Aksine HDP’nin çocuk yaşta kandırarak ya da zorla dağa gönderdiği teröristler birer birer pişman olup geri dönüyor ya da bir fırsatını bulunca örgütten kaçıp devlete sığınıyor.

Bunun son örneğini bu hafta Diyarbakır’da gördük.

HDP binası önünde evlat nöbeti tutan annelerden birisi daha yüreğinin parçasına kavuştu.

17 yaşındayken dağa kaçırılan Tayfur Fidan, 11 yıl sonra örgütten kaçarak güvenlik güçlerine teslim oldu. 

Ardından hasretiyle yanıp tutuşan ailesine kavuştu.

Böylelikle evladına kavuşan aile sayısı 15’e ulaşmış oldu.

Bir yılına yaklaşan, yaklaşık 150 ailenin eylemi ise sürüyor.

Diyarbakırlı anneler bu eylemleriyle deyim yerindeyse örgütün gırtlağına çökmüş durumdalar.

Bir yandan güvenlik güçlerinin olağanüstü başarılı operasyonları, bir yandan siyasi iktidarın bataklığı kuru tutma becerisi ve diğer yandan bu ailelerin evlatlarını isteyen haykırışları 40 yıllık bir terörü sonlandırmaya doğru götürüyor.

Gırtlağına çözülen, nefes borusu tıkanan örgüt, hamilerinin kendilerine sağladığı solunum cihazlarıyla varlığını sürdürmeye çalışıyor.

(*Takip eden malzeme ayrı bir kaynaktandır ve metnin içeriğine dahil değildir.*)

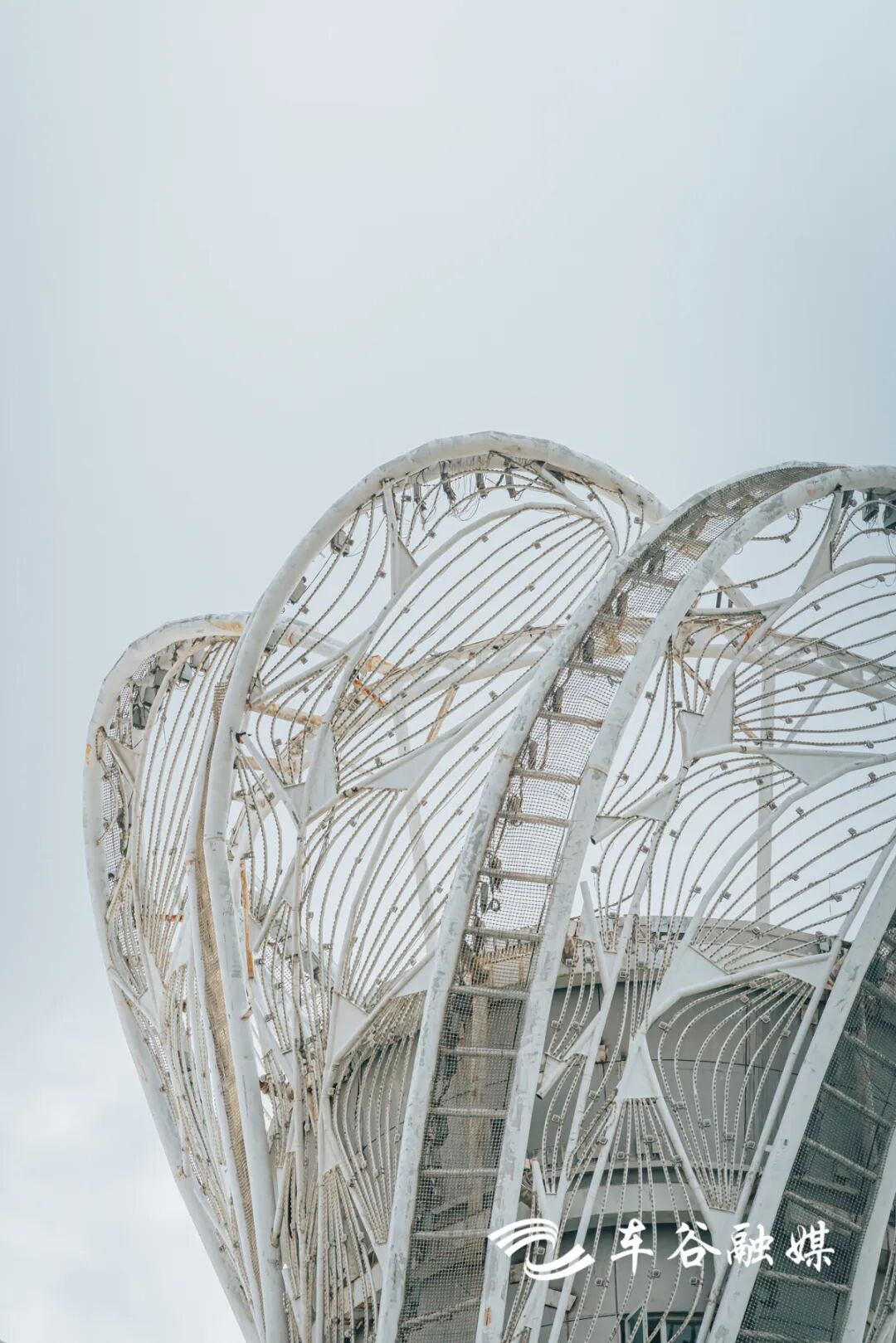 主体育场的美不止在人声鼎沸的夜晚,也在每一个充满运动活力的白天。白色钢材交汇成椭圆形,巨大的花朵从足球场开放到天边。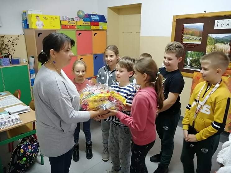 Pani dyrektor Aneta Zielińska nagrodziła uczniów klasy 3 za zaangażowanie i zwycięstwo w akcji "Kasztanobranie". Jeszcze raz gratulujemy.

Türkiye’den eleman temin edemeyen terör örgütü Suriye’den, devşirme teröristlerle ömrünü uzatma gayretinde.

Eylem yapmak isterken yakalanan ve Türkiye’nin yürüttüğü operasyonlarda öldürülen teröristlerden birçoğunun Suriye uyruklu olması bunun kanıtı.

Bunlar da, yine zorla silah altına alınan, dağa kaçırılan ya da örgüte solunum cihazı sağlayan güçlerin verdiği birkaç yüz dolar için örgüte katılanlar.

Ancak terörle mücadelenin böylesine güçlü, böylesine organize ve böylesine güçlü bir halk desteğiyle koordineli yürütülmesi halinde terör örgütünün ölümü kaçınılmaz olacaktır.

Hamilerinin, sağladığı hiçbir solunum cihazı da onları bu sondan kurtaramayacaktır. Zafere ulaşmanın en temel koşullarından birisi terörün nefes borusunu tıkamaktır.